Penuhi DMO Pasokan Batu Bara, Pengusaha Berharap Ekspor Kembali Dibuka
Asosiasi Pertambangan Batu Bara Indonesia (APBI) berharap pemerintah membuka kembali ekspor batu bara setelah pasokan untuk pembangkit listrik PT Perusahaan Listrik Negara (PLN) terpenuhi.
"Kami berharap bisa dibuka lagi (ekspor batu bara). Tapi kan untuk dibuka lagi itu keputusan pemerintah," tutur Executive Director APBI Hendra Sinadia, kepada Katadata, Rabu (4/1).
Hendra menambahkan tidak tahu kapan larangan ekspor batu bara akan dicabut. Dia menambahkan saat ini fokus APBI adalah memenuhi pasokan batu bara dalam negeri untuk pembangkit PLN.
"Kami rapat terus dari tanggal 1,2,3, dan 4 Januari. Tiap hari rapat maraton. Posisi kita semua sama bagaimana fokus untuk menyelesaikan shortage (pasokan) ke PLN," tutur Hendra Sinadia,
Hendra mengatakan sekitar 70 anggota APBI sudah menyatakan komitmennya untuk memenuhi pasokan dalam negeri (DMO) meskipun awalnya menyatakan keberatan atas larangan ekspor.
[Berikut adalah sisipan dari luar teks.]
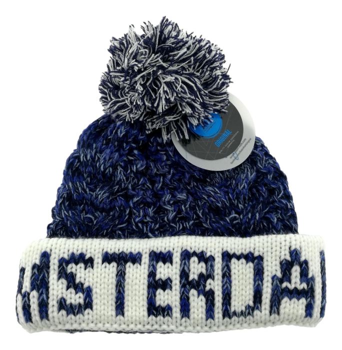 Stijlvolle wintermuts in het blauw/navy met wit. De rand van de muts is versierd met de tekst "Amsterdam" en een grote pompon aan de bovenkant.
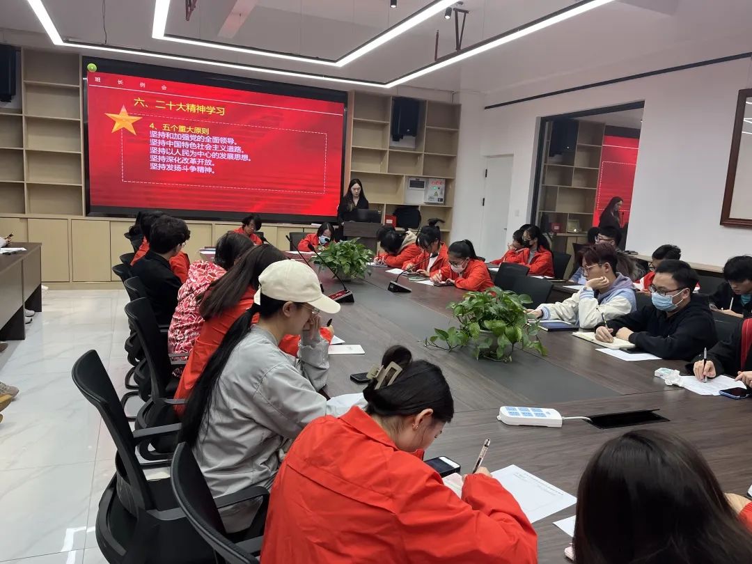 最后,胡钰琳同学带领着所有班长对党的二十大精神进行了学习。青年人要坚持党的全面领导,坚持中国特色社会主义道路,坚持以人民为中心的发展思想,坚持深化改革开放,坚持发扬斗争精神。广大青年尤其是班干部要做社会主义核心价值观的坚定信仰者,积极传播者,模范践行者,争做堪当民族复兴重任的时代新人,在实现中华民族伟大复兴的时代洪流中砥砺奋发,勇毅前进!
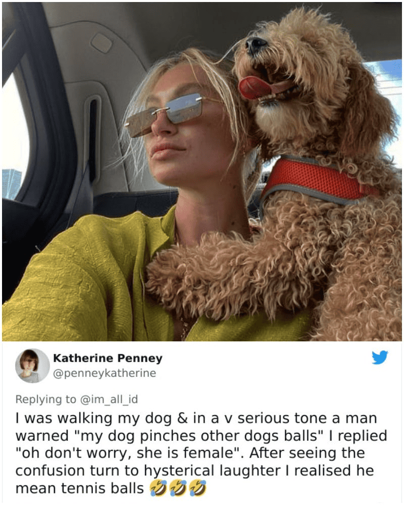 It’s also amusing that the guy even thought to give her a warning. I always assumed that tennis balls were fair game in this dog-eat-dog world. Whoever is the quickest claims the toy. Isn’t that how it works? I wouldn’t be upset with someone’s dog if they grabbed our tennis balls at the park.
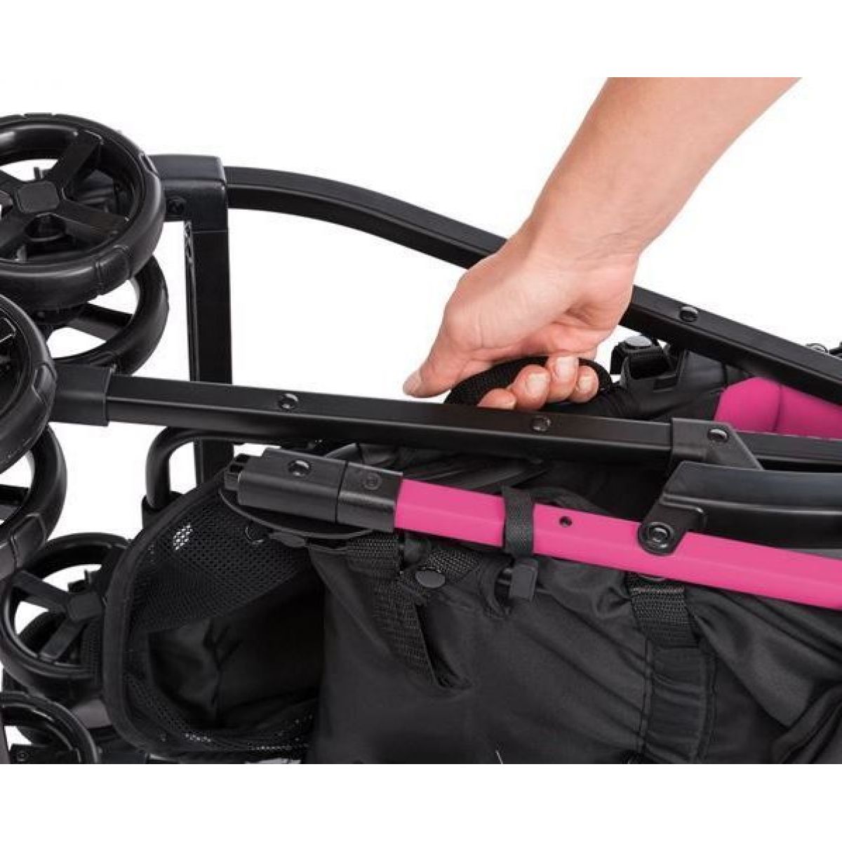 Ružový športový kočík, ktorý je určený pre deti od narodenia do 15 kg.
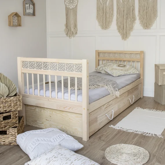 Łóżko Hanko II z szufladą to wysokiej jakości łóżko w stylu boho, wykonane z pierwszej klasy kantówki sosnowej.
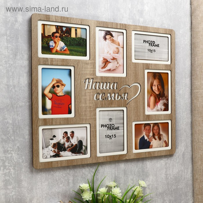 Фоторамка ХДФ "Наша семья" на 8 фото 10x15 см (пластиковый экран)

Berdasarkan kebijakan Domestic Market Obligation (DMO), penambang batu bara harus memasok 25% dari produksi tahunan mereka ke PLN dengan harga maksimum US$ 70 per ton.
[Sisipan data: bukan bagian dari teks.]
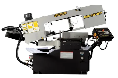 he DM-1318P double miter, semi-automatic band saw provides exceptional miter cutting for medium duty applications. Its versatile swing head with easy to read angle scale, saves operator time. The heavy-duty gearbox and motor assembly ensures the DM-1318P will deliver maximum productivity. The cast iron double swivel head features an easy to read angle scale and “quick” stops at 90, 45, and 60 degree positions. The cast iron vise slides on linear ways which can be easily positioned to either the left or right side of the head and includes a quick release mechanism for rapid positioning. Featuring a 13″H x 17 3/4″ W capacity at 90°, 5.5 HP motor, and 1 1/4″ blade, the DM-1318P is a versatile double miter band saw.
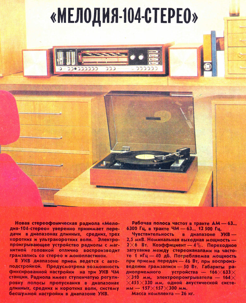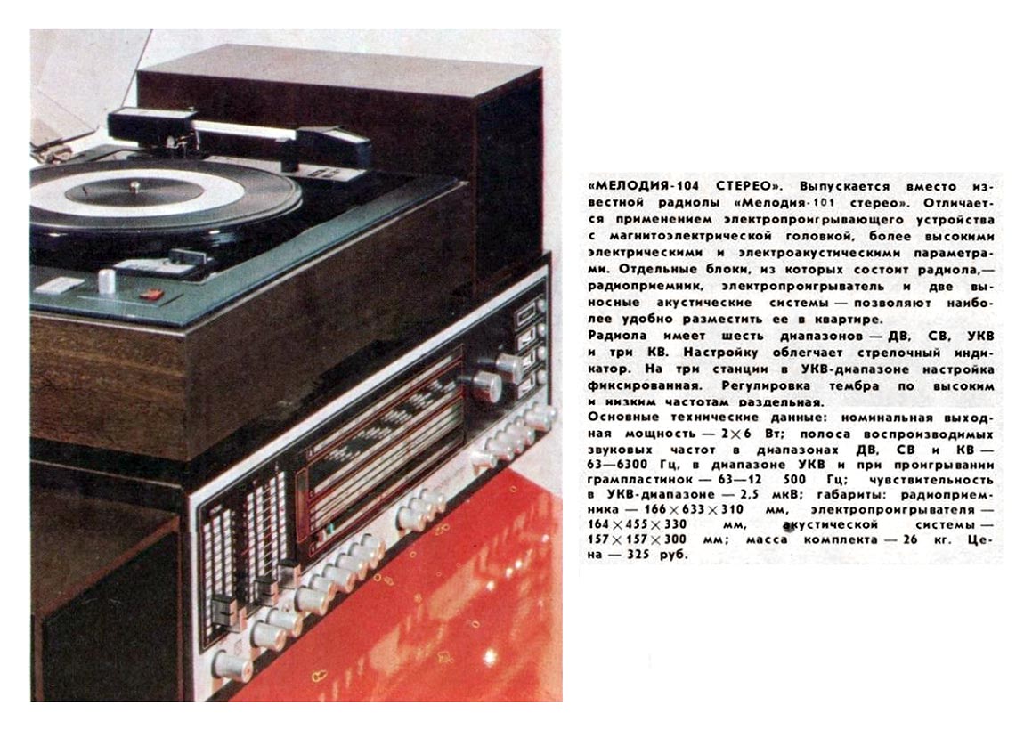 стереофоническая блочная радиола "Мелодия-104-стерео" с 1978 года выпускалась

"Sudah tidak lagi kita pikirkan soal keberatan. Itu sudah lewat. Fokus kita ke depan adalah bagaimana memenuhi kebutuhan PLN. Situasinya sekarang kita bahu membahu dulu penuhi kebutuhan. Kita lihat siapa yang bisa pasok, siapa yang belum kontrak,"tambahnya.
Pada Selasa (3/1), PLN mengatakan mereka sudah mengamankan tambahan pasokan batu bara sebanyak 7,5 juta ton. Namun, mereka masih butuh pasokan tambahan untuk memastikan kebutuhan selama 20 hari ke depan cukup.
Seperti diketahui, Indonesia resmi melarang ekspor batu bara selama 1-31 Januari 2022.
Upaya tersebut dilakukan di tengah kekhawatiran terhadap rendahnya pasokan batu bara untuk pembangkit listrik tenaga uap (PLTU) dalam negeri.
Pada 1 Januari lalu, dalam keterangan resmi mereka, APBI menyatakan keberatan atas kebijakan pelarangan penjualan batubara ke luar negeri yang dilakukan secara umum dan mendadak.
Mereka mengatakan pada tanggal 1 Januari 2022, Kementerian Energi dan Sumber Daya Mineral memang telah mengadakan pertemuan secara virtual membahas kebijakan tersebut.
Namun pertemuan yang diikuti lebih dari 800 orang peserta tersebut menurut kami masih belum dapat menyelesaikan permasalahan mendesak terkait hambatan pelaksanaan ekspor.
Menurut APBI, kebijakan larangan ekspor yang diambil secara tergesa-gesa tanpa mempertimbangkan masukan dari pelaku usaha tidak sejalan dengan upaya pemerintah yang sedang menggalakkan iklim investasi.
Kebijakan tersebut juga berpotensi menimbulkan dampak seperti:
1. Kapal-kapal tujuan ekspor, hampir semuanya adalah kapal-kapal yang dioperasikan atau dimiliki oleh perusahaan negara-negara tujuan ekspor.
Kapal-kapal tersebut tidak akan dapat berlayar menyusul penerapan kebijakan pelarangan penjualan ke luar negeri ini
2. Pengenaan biaya tambahan oleh perusahaan pelayaran terhadap penambahan waktu pemakaian (demurrage) yang akan membebani perusahaan-perusahaan pengekspor yang juga akan berdampak terhadap penerimaan negara
3. Kapal-kapal yang sedang berlayar ke perairan Indonesia juga akan mengalami kondisi ketidakpastian dan hal ini berakibat pada reputasi dan kehandalan Indonesia selama ini sebagai pemasok batubara dunia
4. Menurunkan kredibilitas Indonesia di pasar batubara global sebagai pemasok batubara apalagi di tengah tekanan terhadap industri pertambangan batubara di era transisi energi
5. Menciptakan ketidakpastian usaha sehingga berpotensi menurunkan minat investasi di sektor pertambangan mineral dan batubara
6. Potensi sengketa (dispute) antara pemasok dan pembeli luar negeri baik di badan peradilan dan/atau arbitrase di Indonesia maupun di badan arbitrase Internasional.